I have the street organ and the tankless toilet. Would like to catalog the white baby grand and the white menu chalkboard.


----------



## AndresDaniel1 (May 4, 2020)

haillzzz said:


> I've got these..
> beach chair (pink)
> changing room (white)
> diner counter chair (pink)
> ...


already cataloged changing room but interested in the rest!

	Post automatically merged: May 4, 2020



jo_electric said:


> I have the street organ and the tankless toilet. Would like to catalog the white baby grand and the white menu chalkboard.


Already cataloged those. Thanks anyway

	Post automatically merged: May 4, 2020



mintycream said:


> I have:
> 
> -Tankless toilet (white)
> -Plastic pool (pink)
> ...


Already cataloged toilet and catgrass but interested in the rest!


----------



## mintycream (May 4, 2020)

AndresDaniel1 said:


> already cataloged changing room but interested in the rest!
> 
> Post automatically merged: May 4, 2020
> 
> ...



Alright. You could take out the 2 Electric kick scooters. Lmk when you're ready for me to bring the other stuff


----------



## Savato (May 4, 2020)

Hi, I would like to catalog the follow items, I have complete black rattan set and pink laptop

Aluminum briefcase - stacked of cash
Air conditioner - white
Autograph cards - musician signatures
system kitchen - white
whirlpool bath - black
Double-door refrigerator - black
Long bathtub - black marble
Video camera - silver
Smoker - black
Shower set - black
Tool shelf - blue, green
Writing desk - dark brown


----------



## BranchingSprout (May 4, 2020)

could i get:
table tennis
black gas range

for:
poolside bed
throwback container

by any chance? if they are still needed/still available for catalog of course :'^)


----------



## Jazminur (May 4, 2020)

Would love to catalog trade. 
Have:
Fire pit
Pink diner counter table
black rattan end table
White rattan end table
Pink diner sofa
Dark brown poolside bed
Black rattan armchair
Black rattan low table
Pink diner counter chair
Cream diner counter chair
White rattan waste basket
Black rattan waste basket
Black rattan towel basket
White rattan towel basket
White rattan table lamp
White mug

want:
Freezer white
Saxophone
Rock guitar
Pink rocket lamp
White fan palm
Black cypress plant
Blue portable record player
Rebel garden gnome
Cream baby bear
Black accessories sand
Brown humidifier
Brown hamster cage
Watermelon beach ball
Pink macrame tapestry


----------



## -Zora- (May 4, 2020)

I have the pink claw foot tub you can catalog and I'd be interested in cataloging your pink desktop computer.

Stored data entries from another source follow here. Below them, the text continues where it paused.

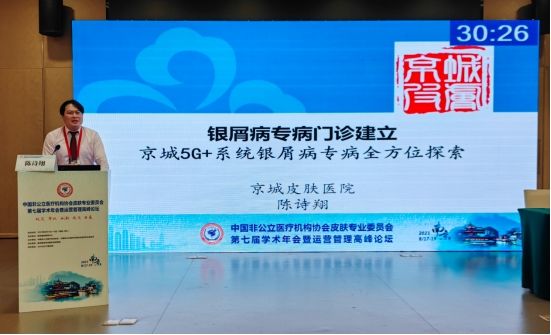 此次年会上,陈诗翔博士代表京城皮肤旗下北京京城皮肤医院作了专题报告,介绍了京城皮肤联合北京大学深圳研究生院等6家单位申报的工信部、卫健委“5G+医疗健康应用试点项目”创新性成果京城5G+智慧银屑病管理系统。该系统实现了银屑病患者院内外一体化健康管理及全病程智慧服务,提高了医疗服务质量和效率,提升了患者就医依从性和健康获得感。这是京城皮肤在“专家、专病、专科、专治”的基础上,对数字化医疗和“互联网+医疗健康”服务新模式的积极探索。
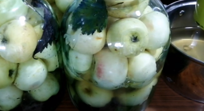 - Выбираем хорошие яблоки, светлые или с красным бочком. Хорошо промываем и укладываем в чистые банки вместе с листиками черной смородины. Также можно использовать листики дуба или вишни.
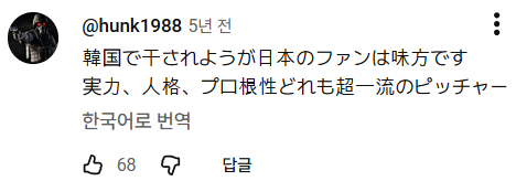 한국에서 외면받더라도 일본 팬들은 당신의 편입니다. 실력, 인품, 프로의식 모두 초일류인 선수.
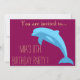 A cute fully customisable birthday invitation suitable for a young child, young girl or tween girl. This cute design is for a girl's party and has a picture of a blue cartoon dolphin illustration against a dark purple background - the background colour is customisable.
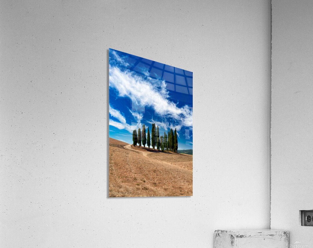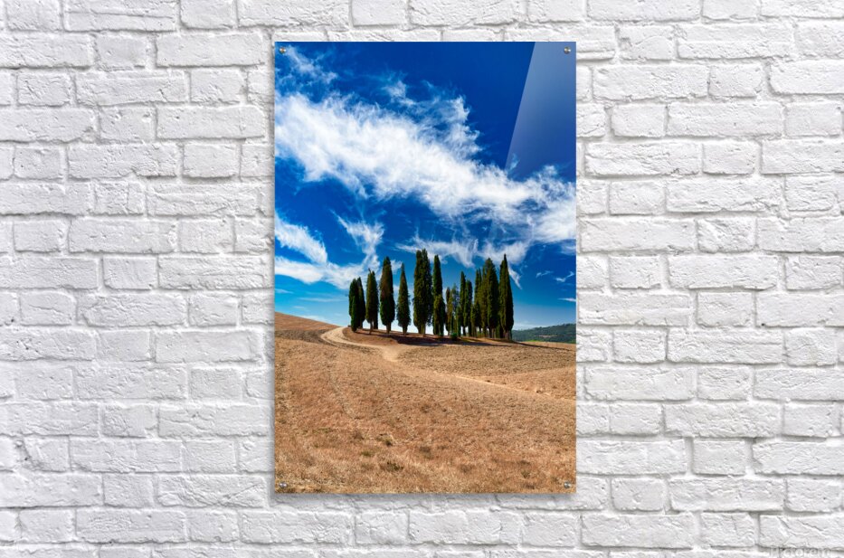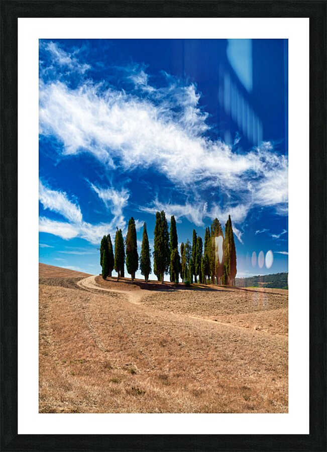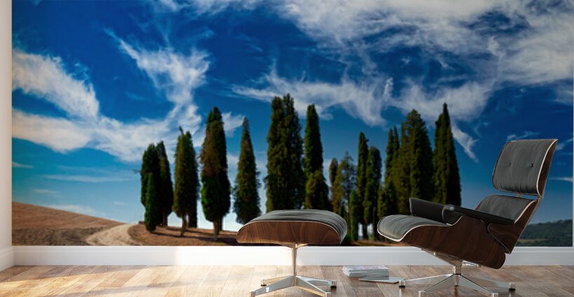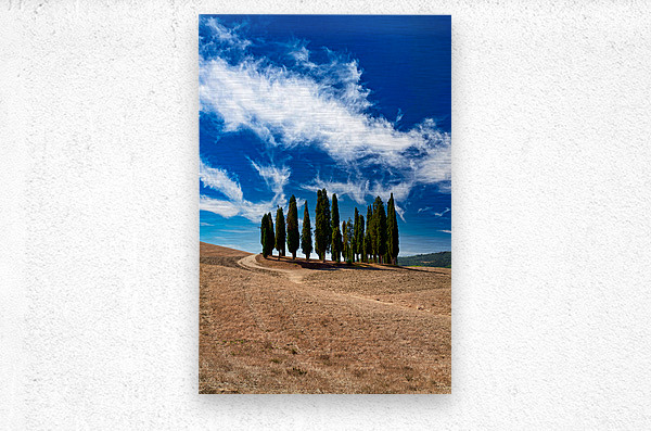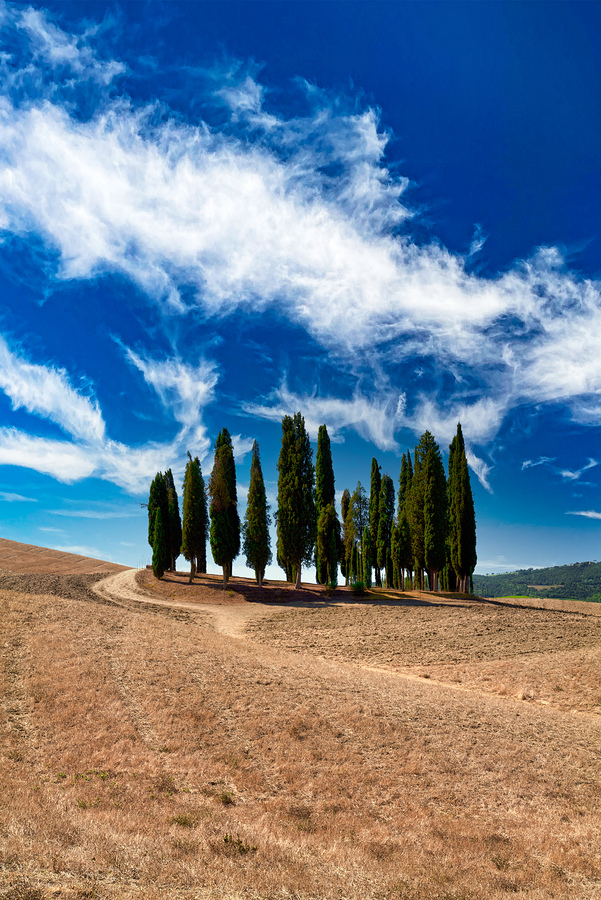Cypress trees grow along a dirt road in San Quirico dOrcia Tuscany. The landscape shows blue sky and rolling hills in the background.
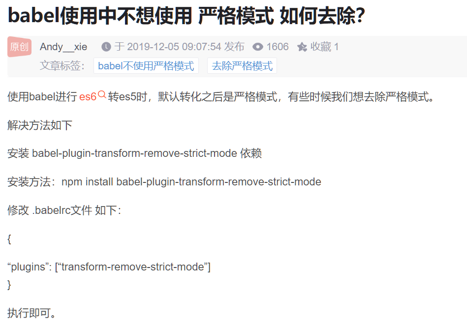 在项目中使用了import,预览运行一切顺利,但到真机就报错,因为有些只读变量被修改,因此猜测是因为import被转译自动加上了严格模式。百度一番发现可以npm安装babel-plugin-transform-remove-strict-mode来解决,但是这个到底该装在哪呢?求论坛大佬们指教
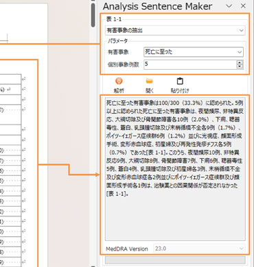 文章作成の作業は上述の分析が伴うため、熟練度が必要であり、文章作成の御作法(有害事象の記載順や重複した事象例数が存在する有害事象の記載方法など)も多く、これらは手作業で行うため、当該作業に多くの時間を費やしたり、作業自体が属人的になりがちとなります。
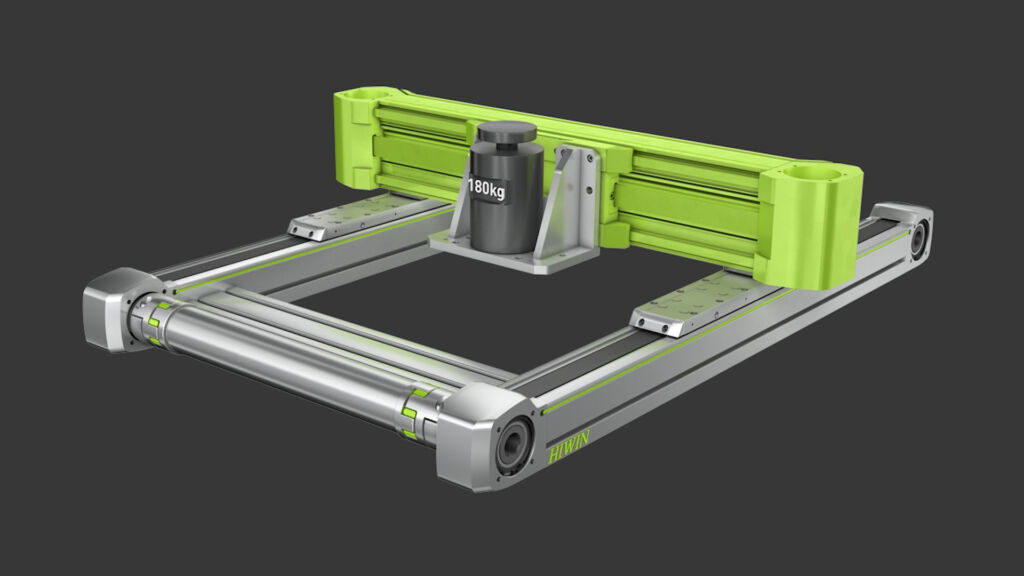 Mit einer Nutzlast von bis zu 350kg und einer zehnfach höheren Torsionssteifigkeit lassen sich mit den Brückenachsen HB von Hiwin auch größere Lasten dynamisch über weite Strecken freitragend bewegen. Das Aluminium-Stranggussprofil des biege- und torsionssteifen Linearmoduls ist in sich geschlossen und mit Aussteifungen versehen. Die Schwerlastachsen sind mit Zahnriemen-, Linearmotor- sowie Zahnstangenantrieben kombinierbar. Die Linearmodule sind mit einem in mm-Schritten frei wählbaren Hub auf eine Gesamtlänge von bis zu 5m, mit Endschalter oder Encodersystem konfigurierbar.
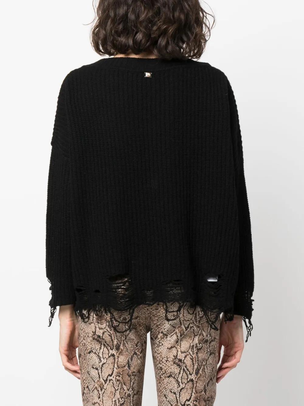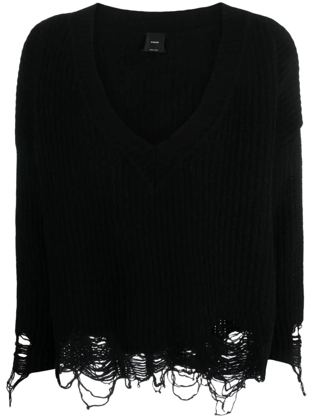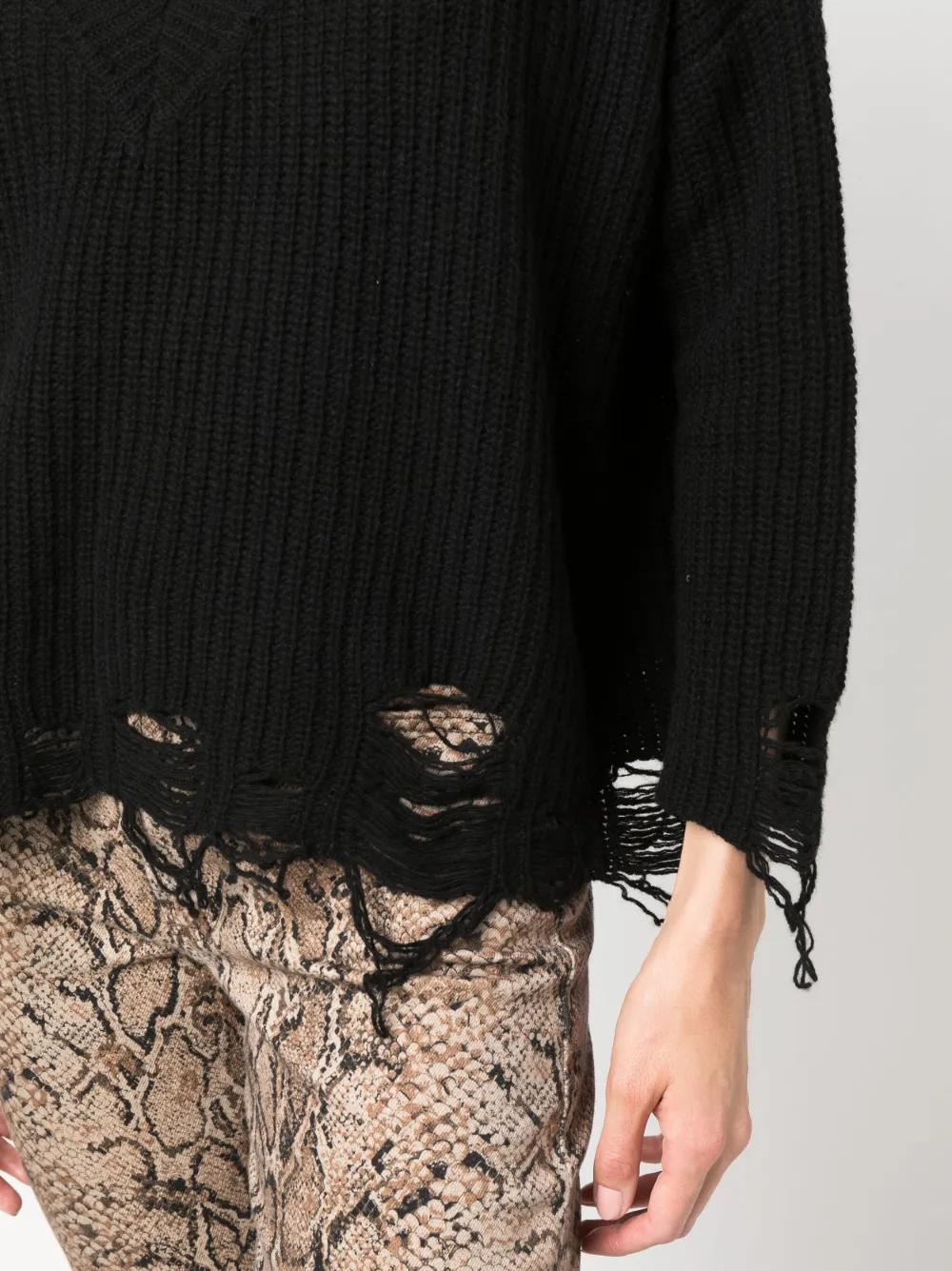 black wool blend knitted construction ripped detailing plunging V-neck drop shoulder long sleeves
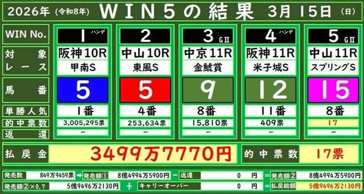복승식 48.7배, 삼쌍승식(9-3-12) 513.1배
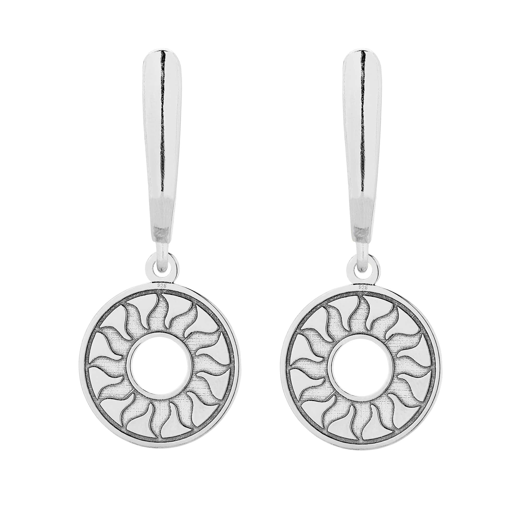 Srebrne kolczyki ze słoneczkami. Zapinane na bigle angielskie. Całość wykonana ze srebra 925.
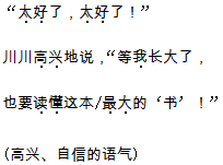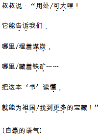 解析 本文主要是以川川与地质勘探队员对话的形式呈现出来的,因此读好本课的关键是要读好他们的对话。同学们在读他们的对话时,首先要弄清人物的身份。川川是一名学生,说起话来要天真些,语速稍快。而地质勘探队员叔叔是一个大人,是一位向川川讲述地质知识的长者,说话时语速要稍慢些。其次要根据揭示他们动作、心情的提示语或说话的内容揣(chuǎi)摩他们说话时的心情。最后要联系上下文弄清楚每句话是谁说的。这样弄清楚以后,再分角色朗读,自然水到渠成。
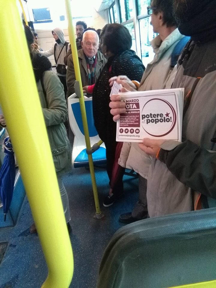 Un gruppo di attivisti di “Potere al popolo” è salita sui mezzi pubblici oggetto delle ronde di Forza Nuova per la presunta sicurezza.

If you still need this item can we trade tomorrow? Its 1am here


----------



## v a p o r w a v e (May 4, 2020)

I have the synthesizer, could I catalog the white grand piano?


----------



## AndresDaniel1 (May 5, 2020)

Bump


----------



## atriosocool (May 5, 2020)

Hello! I have the pink changing room! Could i trade it for your arcade fighting game?


----------



## dkbw (May 5, 2020)

AndresDaniel1 said:


> Hello! I’m looking to catalog (or buy) the following items in the colors they appear on the list:
> WISHLIST
> I have the following items available for cataloging:
> FOR TRADE
> ...


Hello

I can let you catalog

exercise bike
cream and sugar
beach ball white blue stripes
kitty litter box

PS- I have gladiator sandal in brown, throback container in red if you're interested

in exchange i'd love to catalog
simple panel brown
reddish brown rattan arm chair
reddish brown rattan stool
reddish brown rattan bed


----------